Supplied records Start Marker

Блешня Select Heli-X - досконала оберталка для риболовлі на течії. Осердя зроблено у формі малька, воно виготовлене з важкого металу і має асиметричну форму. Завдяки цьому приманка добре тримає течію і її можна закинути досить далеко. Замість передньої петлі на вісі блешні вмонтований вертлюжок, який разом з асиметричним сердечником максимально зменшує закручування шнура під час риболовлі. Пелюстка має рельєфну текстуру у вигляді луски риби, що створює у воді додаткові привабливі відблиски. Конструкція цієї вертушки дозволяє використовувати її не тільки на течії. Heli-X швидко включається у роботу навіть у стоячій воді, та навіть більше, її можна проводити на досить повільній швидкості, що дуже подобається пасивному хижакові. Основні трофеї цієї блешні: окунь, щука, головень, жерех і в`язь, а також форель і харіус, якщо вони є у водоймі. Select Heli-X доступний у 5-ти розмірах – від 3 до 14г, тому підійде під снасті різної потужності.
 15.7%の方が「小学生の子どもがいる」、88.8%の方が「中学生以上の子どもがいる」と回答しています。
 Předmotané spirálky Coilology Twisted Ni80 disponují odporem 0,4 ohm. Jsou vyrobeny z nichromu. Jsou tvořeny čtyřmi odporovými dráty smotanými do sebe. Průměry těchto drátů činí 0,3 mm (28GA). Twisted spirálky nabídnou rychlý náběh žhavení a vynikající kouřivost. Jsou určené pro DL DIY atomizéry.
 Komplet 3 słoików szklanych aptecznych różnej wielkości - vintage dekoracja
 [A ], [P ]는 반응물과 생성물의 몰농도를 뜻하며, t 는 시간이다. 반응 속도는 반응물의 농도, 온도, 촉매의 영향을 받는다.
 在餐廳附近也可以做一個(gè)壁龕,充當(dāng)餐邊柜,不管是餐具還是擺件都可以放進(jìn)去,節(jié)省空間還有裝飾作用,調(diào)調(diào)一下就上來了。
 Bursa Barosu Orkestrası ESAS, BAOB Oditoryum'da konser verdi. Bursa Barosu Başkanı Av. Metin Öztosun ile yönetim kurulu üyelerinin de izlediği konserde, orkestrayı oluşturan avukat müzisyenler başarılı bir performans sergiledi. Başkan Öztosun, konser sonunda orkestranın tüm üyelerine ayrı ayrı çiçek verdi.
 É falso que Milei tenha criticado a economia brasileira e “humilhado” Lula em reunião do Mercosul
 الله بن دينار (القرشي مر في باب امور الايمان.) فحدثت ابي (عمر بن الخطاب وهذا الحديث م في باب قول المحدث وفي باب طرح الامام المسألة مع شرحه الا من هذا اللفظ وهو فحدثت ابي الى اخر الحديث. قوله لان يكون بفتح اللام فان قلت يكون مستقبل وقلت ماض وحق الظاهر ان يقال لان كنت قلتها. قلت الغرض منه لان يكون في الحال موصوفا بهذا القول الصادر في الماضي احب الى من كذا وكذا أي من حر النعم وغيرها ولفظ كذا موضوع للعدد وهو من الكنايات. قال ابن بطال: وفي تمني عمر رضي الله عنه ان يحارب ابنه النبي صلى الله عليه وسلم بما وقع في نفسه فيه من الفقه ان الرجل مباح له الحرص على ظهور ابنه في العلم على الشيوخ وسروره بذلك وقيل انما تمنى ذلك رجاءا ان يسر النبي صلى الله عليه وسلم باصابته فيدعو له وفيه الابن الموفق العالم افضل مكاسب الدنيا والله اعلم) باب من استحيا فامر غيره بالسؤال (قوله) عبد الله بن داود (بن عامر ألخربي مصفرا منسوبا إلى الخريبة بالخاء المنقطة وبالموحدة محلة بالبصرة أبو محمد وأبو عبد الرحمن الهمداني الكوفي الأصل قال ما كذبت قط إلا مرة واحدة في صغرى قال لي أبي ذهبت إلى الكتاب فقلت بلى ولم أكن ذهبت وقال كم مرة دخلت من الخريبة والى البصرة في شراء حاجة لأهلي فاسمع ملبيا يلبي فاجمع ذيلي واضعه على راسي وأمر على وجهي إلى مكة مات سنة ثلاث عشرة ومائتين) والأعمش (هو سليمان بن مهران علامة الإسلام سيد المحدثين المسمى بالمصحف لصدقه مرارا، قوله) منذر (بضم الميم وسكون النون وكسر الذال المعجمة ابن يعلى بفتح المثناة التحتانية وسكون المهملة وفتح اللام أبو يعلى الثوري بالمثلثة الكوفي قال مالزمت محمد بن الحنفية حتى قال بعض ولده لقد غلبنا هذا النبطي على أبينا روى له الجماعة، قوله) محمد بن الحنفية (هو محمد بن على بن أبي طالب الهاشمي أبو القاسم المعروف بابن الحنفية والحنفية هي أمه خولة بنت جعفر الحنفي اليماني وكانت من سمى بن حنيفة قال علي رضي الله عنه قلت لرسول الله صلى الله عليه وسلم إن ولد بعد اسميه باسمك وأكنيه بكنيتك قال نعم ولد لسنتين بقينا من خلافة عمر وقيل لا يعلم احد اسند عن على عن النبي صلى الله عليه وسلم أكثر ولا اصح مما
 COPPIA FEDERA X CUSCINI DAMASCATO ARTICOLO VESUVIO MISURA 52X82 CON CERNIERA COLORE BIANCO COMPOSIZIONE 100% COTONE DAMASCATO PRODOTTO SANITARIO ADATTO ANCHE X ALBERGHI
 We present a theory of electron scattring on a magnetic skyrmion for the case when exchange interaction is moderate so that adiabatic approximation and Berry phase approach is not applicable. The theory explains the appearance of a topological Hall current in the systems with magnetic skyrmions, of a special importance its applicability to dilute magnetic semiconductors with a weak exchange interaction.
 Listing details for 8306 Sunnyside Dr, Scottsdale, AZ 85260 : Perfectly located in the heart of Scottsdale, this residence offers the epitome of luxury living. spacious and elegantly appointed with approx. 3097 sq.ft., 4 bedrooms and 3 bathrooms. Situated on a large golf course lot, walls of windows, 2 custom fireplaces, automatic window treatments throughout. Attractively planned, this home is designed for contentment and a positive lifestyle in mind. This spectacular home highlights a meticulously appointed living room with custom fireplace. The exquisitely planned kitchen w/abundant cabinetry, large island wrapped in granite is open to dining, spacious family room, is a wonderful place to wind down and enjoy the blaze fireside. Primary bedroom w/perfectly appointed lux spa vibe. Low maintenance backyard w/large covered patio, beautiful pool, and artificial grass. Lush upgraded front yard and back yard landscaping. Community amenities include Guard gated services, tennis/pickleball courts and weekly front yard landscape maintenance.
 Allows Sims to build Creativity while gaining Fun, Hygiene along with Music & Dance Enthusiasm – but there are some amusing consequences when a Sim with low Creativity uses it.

Supplied records End Marker

* Task instructions: Give back the records above, character for character.

* Exercise solution:
Блешня Select Heli-X - досконала оберталка для риболовлі на течії. Осердя зроблено у формі малька, воно виготовлене з важкого металу і має асиметричну форму. Завдяки цьому приманка добре тримає течію і її можна закинути досить далеко. Замість передньої петлі на вісі блешні вмонтований вертлюжок, який разом з асиметричним сердечником максимально зменшує закручування шнура під час риболовлі. Пелюстка має рельєфну текстуру у вигляді луски риби, що створює у воді додаткові привабливі відблиски. Конструкція цієї вертушки дозволяє використовувати її не тільки на течії. Heli-X швидко включається у роботу навіть у стоячій воді, та навіть більше, її можна проводити на досить повільній швидкості, що дуже подобається пасивному хижакові. Основні трофеї цієї блешні: окунь, щука, головень, жерех і в`язь, а також форель і харіус, якщо вони є у водоймі. Select Heli-X доступний у 5-ти розмірах – від 3 до 14г, тому підійде під снасті різної потужності.
 15.7%の方が「小学生の子どもがいる」、88.8%の方が「中学生以上の子どもがいる」と回答しています。
 Předmotané spirálky Coilology Twisted Ni80 disponují odporem 0,4 ohm. Jsou vyrobeny z nichromu. Jsou tvořeny čtyřmi odporovými dráty smotanými do sebe. Průměry těchto drátů činí 0,3 mm (28GA). Twisted spirálky nabídnou rychlý náběh žhavení a vynikající kouřivost. Jsou určené pro DL DIY atomizéry.
 Komplet 3 słoików szklanych aptecznych różnej wielkości - vintage dekoracja
 [A ], [P ]는 반응물과 생성물의 몰농도를 뜻하며, t 는 시간이다. 반응 속도는 반응물의 농도, 온도, 촉매의 영향을 받는다.
 在餐廳附近也可以做一個(gè)壁龕,充當(dāng)餐邊柜,不管是餐具還是擺件都可以放進(jìn)去,節(jié)省空間還有裝飾作用,調(diào)調(diào)一下就上來了。
 Bursa Barosu Orkestrası ESAS, BAOB Oditoryum'da konser verdi. Bursa Barosu Başkanı Av. Metin Öztosun ile yönetim kurulu üyelerinin de izlediği konserde, orkestrayı oluşturan avukat müzisyenler başarılı bir performans sergiledi. Başkan Öztosun, konser sonunda orkestranın tüm üyelerine ayrı ayrı çiçek verdi.
 É falso que Milei tenha criticado a economia brasileira e “humilhado” Lula em reunião do Mercosul
 الله بن دينار (القرشي مر في باب امور الايمان.) فحدثت ابي (عمر بن الخطاب وهذا الحديث م في باب قول المحدث وفي باب طرح الامام المسألة مع شرحه الا من هذا اللفظ وهو فحدثت ابي الى اخر الحديث. قوله لان يكون بفتح اللام فان قلت يكون مستقبل وقلت ماض وحق الظاهر ان يقال لان كنت قلتها. قلت الغرض منه لان يكون في الحال موصوفا بهذا القول الصادر في الماضي احب الى من كذا وكذا أي من حر النعم وغيرها ولفظ كذا موضوع للعدد وهو من الكنايات. قال ابن بطال: وفي تمني عمر رضي الله عنه ان يحارب ابنه النبي صلى الله عليه وسلم بما وقع في نفسه فيه من الفقه ان الرجل مباح له الحرص على ظهور ابنه في العلم على الشيوخ وسروره بذلك وقيل انما تمنى ذلك رجاءا ان يسر النبي صلى الله عليه وسلم باصابته فيدعو له وفيه الابن الموفق العالم افضل مكاسب الدنيا والله اعلم) باب من استحيا فامر غيره بالسؤال (قوله) عبد الله بن داود (بن عامر ألخربي مصفرا منسوبا إلى الخريبة بالخاء المنقطة وبالموحدة محلة بالبصرة أبو محمد وأبو عبد الرحمن الهمداني الكوفي الأصل قال ما كذبت قط إلا مرة واحدة في صغرى قال لي أبي ذهبت إلى الكتاب فقلت بلى ولم أكن ذهبت وقال كم مرة دخلت من الخريبة والى البصرة في شراء حاجة لأهلي فاسمع ملبيا يلبي فاجمع ذيلي واضعه على راسي وأمر على وجهي إلى مكة مات سنة ثلاث عشرة ومائتين) والأعمش (هو سليمان بن مهران علامة الإسلام سيد المحدثين المسمى بالمصحف لصدقه مرارا، قوله) منذر (بضم الميم وسكون النون وكسر الذال المعجمة ابن يعلى بفتح المثناة التحتانية وسكون المهملة وفتح اللام أبو يعلى الثوري بالمثلثة الكوفي قال مالزمت محمد بن الحنفية حتى قال بعض ولده لقد غلبنا هذا النبطي على أبينا روى له الجماعة، قوله) محمد بن الحنفية (هو محمد بن على بن أبي طالب الهاشمي أبو القاسم المعروف بابن الحنفية والحنفية هي أمه خولة بنت جعفر الحنفي اليماني وكانت من سمى بن حنيفة قال علي رضي الله عنه قلت لرسول الله صلى الله عليه وسلم إن ولد بعد اسميه باسمك وأكنيه بكنيتك قال نعم ولد لسنتين بقينا من خلافة عمر وقيل لا يعلم احد اسند عن على عن النبي صلى الله عليه وسلم أكثر ولا اصح مما
 COPPIA FEDERA X CUSCINI DAMASCATO ARTICOLO VESUVIO MISURA 52X82 CON CERNIERA COLORE BIANCO COMPOSIZIONE 100% COTONE DAMASCATO PRODOTTO SANITARIO ADATTO ANCHE X ALBERGHI
 We present a theory of electron scattring on a magnetic skyrmion for the case when exchange interaction is moderate so that adiabatic approximation and Berry phase approach is not applicable. The theory explains the appearance of a topological Hall current in the systems with magnetic skyrmions, of a special importance its applicability to dilute magnetic semiconductors with a weak exchange interaction.
 Listing details for 8306 Sunnyside Dr, Scottsdale, AZ 85260 : Perfectly located in the heart of Scottsdale, this residence offers the epitome of luxury living. spacious and elegantly appointed with approx. 3097 sq.ft., 4 bedrooms and 3 bathrooms. Situated on a large golf course lot, walls of windows, 2 custom fireplaces, automatic window treatments throughout. Attractively planned, this home is designed for contentment and a positive lifestyle in mind. This spectacular home highlights a meticulously appointed living room with custom fireplace. The exquisitely planned kitchen w/abundant cabinetry, large island wrapped in granite is open to dining, spacious family room, is a wonderful place to wind down and enjoy the blaze fireside. Primary bedroom w/perfectly appointed lux spa vibe. Low maintenance backyard w/large covered patio, beautiful pool, and artificial grass. Lush upgraded front yard and back yard landscaping. Community amenities include Guard gated services, tennis/pickleball courts and weekly front yard landscape maintenance.
 Allows Sims to build Creativity while gaining Fun, Hygiene along with Music & Dance Enthusiasm – but there are some amusing consequences when a Sim with low Creativity uses it.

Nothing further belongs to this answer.